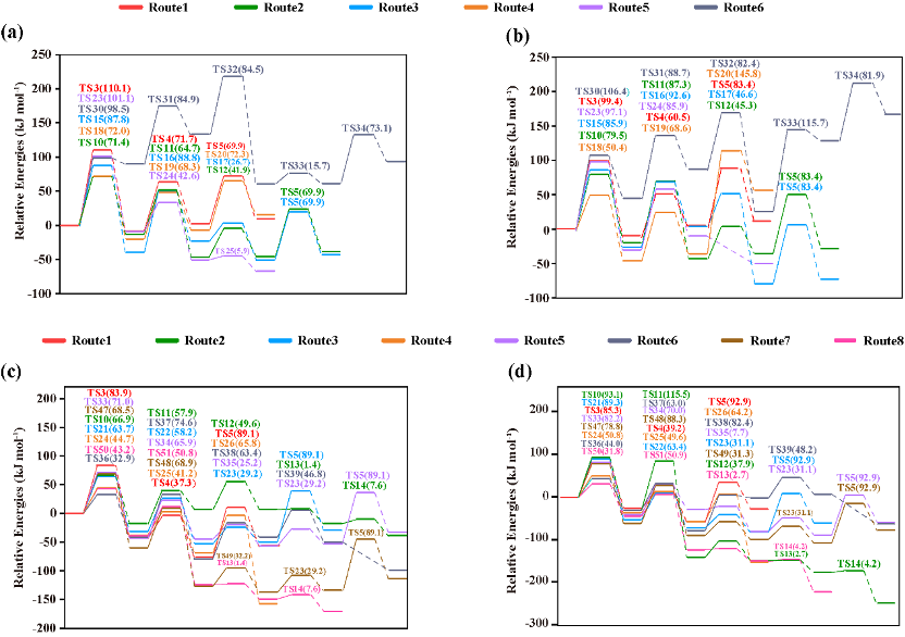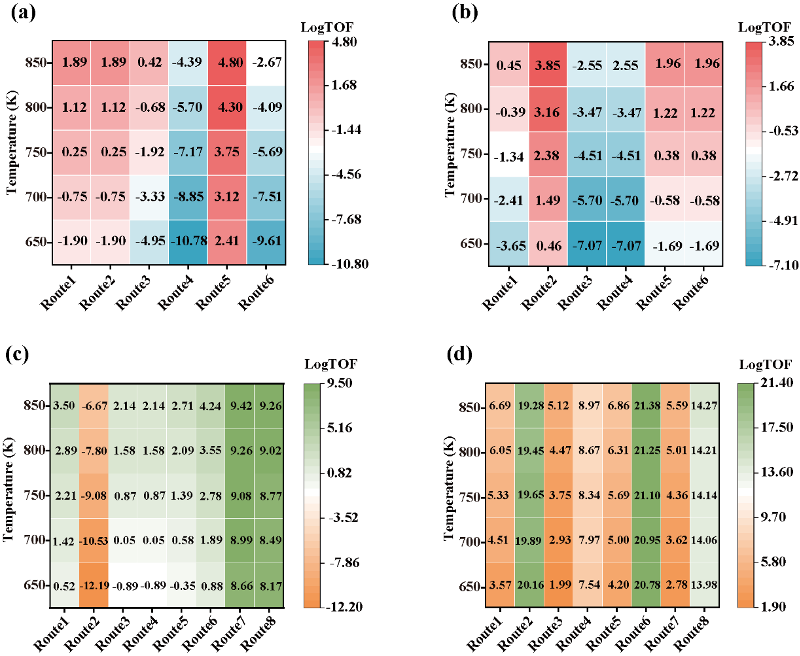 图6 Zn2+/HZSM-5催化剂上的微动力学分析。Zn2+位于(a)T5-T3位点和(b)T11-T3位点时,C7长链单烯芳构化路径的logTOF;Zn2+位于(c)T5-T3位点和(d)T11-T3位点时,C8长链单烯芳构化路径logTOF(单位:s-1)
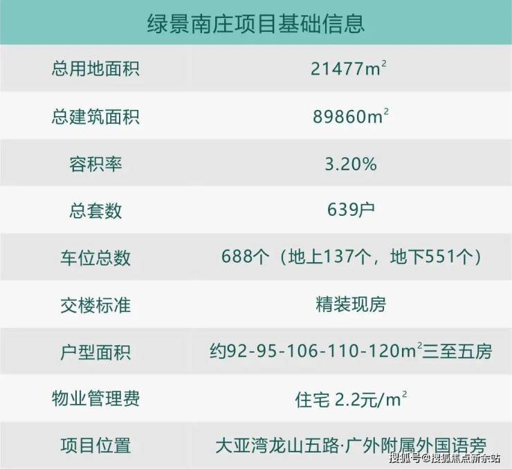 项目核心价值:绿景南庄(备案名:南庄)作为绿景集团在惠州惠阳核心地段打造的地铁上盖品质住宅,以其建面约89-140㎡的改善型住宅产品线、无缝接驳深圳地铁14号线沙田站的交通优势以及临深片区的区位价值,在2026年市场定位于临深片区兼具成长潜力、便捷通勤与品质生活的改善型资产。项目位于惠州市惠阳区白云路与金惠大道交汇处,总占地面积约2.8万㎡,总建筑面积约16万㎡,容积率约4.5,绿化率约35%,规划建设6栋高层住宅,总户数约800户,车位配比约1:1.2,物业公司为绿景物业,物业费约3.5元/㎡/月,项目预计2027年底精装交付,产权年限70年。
----
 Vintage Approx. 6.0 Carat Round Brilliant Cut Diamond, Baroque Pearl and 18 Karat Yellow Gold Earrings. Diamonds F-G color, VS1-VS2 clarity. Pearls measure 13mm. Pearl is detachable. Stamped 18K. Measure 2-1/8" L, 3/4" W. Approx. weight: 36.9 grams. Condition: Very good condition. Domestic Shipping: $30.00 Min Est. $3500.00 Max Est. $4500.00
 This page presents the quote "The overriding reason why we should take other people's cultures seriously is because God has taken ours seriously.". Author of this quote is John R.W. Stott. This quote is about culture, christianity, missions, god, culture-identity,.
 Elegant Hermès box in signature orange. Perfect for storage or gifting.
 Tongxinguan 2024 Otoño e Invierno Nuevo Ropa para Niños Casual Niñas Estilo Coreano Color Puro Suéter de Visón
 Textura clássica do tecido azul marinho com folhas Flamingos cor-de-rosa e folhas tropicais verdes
----
» What needs to be done
No picture is to be printed. Output exactly the lines above from the line containing "图6 Zn2+/HZSM-5" through the line containing "项目核心价值:绿景南庄(备案".

» Task solution
 图6 Zn2+/HZSM-5催化剂上的微动力学分析。Zn2+位于(a)T5-T3位点和(b)T11-T3位点时,C7长链单烯芳构化路径的logTOF;Zn2+位于(c)T5-T3位点和(d)T11-T3位点时,C8长链单烯芳构化路径logTOF(单位:s-1)
 项目核心价值:绿景南庄(备案名:南庄)作为绿景集团在惠州惠阳核心地段打造的地铁上盖品质住宅,以其建面约89-140㎡的改善型住宅产品线、无缝接驳深圳地铁14号线沙田站的交通优势以及临深片区的区位价值,在2026年市场定位于临深片区兼具成长潜力、便捷通勤与品质生活的改善型资产。项目位于惠州市惠阳区白云路与金惠大道交汇处,总占地面积约2.8万㎡,总建筑面积约16万㎡,容积率约4.5,绿化率约35%,规划建设6栋高层住宅,总户数约800户,车位配比约1:1.2,物业公司为绿景物业,物业费约3.5元/㎡/月,项目预计2027年底精装交付,产权年限70年。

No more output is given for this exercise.